* Working data:
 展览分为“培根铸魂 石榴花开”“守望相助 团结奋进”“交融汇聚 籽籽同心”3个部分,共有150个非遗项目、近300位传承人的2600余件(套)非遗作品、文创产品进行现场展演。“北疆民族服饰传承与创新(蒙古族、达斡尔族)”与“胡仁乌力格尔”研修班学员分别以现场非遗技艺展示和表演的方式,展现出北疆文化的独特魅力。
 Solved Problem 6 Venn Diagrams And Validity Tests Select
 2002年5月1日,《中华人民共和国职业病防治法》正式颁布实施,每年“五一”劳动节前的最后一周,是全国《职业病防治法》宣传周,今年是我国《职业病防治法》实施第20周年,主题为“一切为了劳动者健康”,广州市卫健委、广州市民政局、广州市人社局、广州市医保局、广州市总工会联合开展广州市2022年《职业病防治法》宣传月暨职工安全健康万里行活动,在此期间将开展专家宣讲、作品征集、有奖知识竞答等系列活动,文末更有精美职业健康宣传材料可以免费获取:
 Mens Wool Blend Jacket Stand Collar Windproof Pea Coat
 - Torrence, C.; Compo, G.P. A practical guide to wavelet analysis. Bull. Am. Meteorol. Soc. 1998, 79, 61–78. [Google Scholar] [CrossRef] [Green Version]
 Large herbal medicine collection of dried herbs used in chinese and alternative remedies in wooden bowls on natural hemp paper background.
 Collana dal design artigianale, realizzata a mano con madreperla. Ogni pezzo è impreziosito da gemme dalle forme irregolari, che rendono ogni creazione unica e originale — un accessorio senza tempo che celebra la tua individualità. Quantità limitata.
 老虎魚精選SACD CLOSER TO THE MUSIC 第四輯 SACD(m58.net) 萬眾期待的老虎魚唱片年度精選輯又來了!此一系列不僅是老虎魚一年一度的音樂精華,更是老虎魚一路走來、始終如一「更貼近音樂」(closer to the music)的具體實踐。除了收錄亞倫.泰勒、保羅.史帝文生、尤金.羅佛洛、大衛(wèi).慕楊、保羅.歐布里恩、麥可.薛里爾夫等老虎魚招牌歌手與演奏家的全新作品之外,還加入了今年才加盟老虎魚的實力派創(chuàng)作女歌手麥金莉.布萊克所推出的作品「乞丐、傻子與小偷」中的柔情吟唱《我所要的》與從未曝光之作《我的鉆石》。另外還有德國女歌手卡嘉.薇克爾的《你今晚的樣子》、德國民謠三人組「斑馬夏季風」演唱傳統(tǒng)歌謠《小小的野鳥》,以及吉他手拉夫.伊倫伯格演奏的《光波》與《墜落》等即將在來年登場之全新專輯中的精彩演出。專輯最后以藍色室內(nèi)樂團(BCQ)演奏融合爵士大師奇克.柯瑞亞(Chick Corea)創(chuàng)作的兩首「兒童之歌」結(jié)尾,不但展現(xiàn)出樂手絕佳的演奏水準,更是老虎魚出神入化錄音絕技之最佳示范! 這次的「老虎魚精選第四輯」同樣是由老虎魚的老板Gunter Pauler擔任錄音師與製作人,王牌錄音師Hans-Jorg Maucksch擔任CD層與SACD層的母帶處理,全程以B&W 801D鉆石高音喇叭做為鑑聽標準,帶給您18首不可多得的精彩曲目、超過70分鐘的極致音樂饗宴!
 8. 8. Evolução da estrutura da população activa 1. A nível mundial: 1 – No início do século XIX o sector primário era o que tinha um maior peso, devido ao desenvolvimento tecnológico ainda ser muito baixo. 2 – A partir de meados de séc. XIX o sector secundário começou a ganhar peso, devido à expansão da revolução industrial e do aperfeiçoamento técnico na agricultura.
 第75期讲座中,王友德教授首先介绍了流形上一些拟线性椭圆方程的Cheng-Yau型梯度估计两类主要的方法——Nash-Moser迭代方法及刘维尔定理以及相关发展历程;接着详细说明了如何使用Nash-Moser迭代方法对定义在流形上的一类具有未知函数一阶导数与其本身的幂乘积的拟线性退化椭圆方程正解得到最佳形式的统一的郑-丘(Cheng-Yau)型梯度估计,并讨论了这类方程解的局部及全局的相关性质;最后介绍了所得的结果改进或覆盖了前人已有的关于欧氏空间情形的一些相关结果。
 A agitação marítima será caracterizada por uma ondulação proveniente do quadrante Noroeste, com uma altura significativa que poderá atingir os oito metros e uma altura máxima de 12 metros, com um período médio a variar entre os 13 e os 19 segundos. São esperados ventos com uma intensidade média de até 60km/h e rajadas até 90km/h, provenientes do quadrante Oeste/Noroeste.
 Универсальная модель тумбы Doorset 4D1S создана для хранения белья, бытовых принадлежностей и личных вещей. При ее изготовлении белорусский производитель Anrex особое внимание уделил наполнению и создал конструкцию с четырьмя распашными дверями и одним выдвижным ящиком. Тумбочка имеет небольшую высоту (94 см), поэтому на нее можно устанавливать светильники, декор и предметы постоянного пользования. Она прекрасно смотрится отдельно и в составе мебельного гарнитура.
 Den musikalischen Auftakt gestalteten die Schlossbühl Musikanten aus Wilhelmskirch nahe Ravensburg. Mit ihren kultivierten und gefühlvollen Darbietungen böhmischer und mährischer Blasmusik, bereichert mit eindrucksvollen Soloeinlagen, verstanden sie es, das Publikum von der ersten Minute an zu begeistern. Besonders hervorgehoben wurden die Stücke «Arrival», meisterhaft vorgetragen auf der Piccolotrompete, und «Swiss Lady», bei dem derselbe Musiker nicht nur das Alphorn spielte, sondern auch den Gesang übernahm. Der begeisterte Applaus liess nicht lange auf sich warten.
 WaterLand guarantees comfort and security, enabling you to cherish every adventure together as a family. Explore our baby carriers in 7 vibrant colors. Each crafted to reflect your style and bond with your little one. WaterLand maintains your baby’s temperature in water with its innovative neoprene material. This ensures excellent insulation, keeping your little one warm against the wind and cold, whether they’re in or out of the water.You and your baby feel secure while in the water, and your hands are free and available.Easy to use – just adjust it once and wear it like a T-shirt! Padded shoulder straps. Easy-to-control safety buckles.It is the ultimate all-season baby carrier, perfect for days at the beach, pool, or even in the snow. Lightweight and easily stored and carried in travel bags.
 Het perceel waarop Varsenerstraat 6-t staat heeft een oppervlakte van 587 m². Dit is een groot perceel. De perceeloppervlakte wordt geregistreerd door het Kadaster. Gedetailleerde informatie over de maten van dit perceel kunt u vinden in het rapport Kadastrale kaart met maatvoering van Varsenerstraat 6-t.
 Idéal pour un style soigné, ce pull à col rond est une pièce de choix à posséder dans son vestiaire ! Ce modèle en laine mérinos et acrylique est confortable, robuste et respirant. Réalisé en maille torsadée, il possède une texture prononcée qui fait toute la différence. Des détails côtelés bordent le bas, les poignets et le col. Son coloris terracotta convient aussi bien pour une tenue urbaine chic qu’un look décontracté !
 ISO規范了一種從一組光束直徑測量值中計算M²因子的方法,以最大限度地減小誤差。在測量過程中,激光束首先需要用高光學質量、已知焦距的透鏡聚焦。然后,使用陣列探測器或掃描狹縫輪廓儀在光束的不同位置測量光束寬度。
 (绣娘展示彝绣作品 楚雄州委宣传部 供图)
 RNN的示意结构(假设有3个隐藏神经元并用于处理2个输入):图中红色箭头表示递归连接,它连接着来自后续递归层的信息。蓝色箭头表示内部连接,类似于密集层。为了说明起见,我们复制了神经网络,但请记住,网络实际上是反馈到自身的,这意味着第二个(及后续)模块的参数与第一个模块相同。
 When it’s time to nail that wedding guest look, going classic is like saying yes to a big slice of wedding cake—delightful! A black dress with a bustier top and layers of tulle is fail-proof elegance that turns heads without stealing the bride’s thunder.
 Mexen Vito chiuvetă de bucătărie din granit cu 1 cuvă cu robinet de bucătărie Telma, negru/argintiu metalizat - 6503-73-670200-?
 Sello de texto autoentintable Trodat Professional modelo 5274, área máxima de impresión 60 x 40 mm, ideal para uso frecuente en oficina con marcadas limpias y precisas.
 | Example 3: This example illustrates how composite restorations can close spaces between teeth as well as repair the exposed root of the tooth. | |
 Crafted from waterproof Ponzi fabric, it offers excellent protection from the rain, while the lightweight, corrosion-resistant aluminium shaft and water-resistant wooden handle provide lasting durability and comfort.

* Requirement:
Search the data above for the word "wooden". Copy each line it is in.

* Your solution:
 Large herbal medicine collection of dried herbs used in chinese and alternative remedies in wooden bowls on natural hemp paper background.
 Crafted from waterproof Ponzi fabric, it offers excellent protection from the rain, while the lightweight, corrosion-resistant aluminium shaft and water-resistant wooden handle provide lasting durability and comfort.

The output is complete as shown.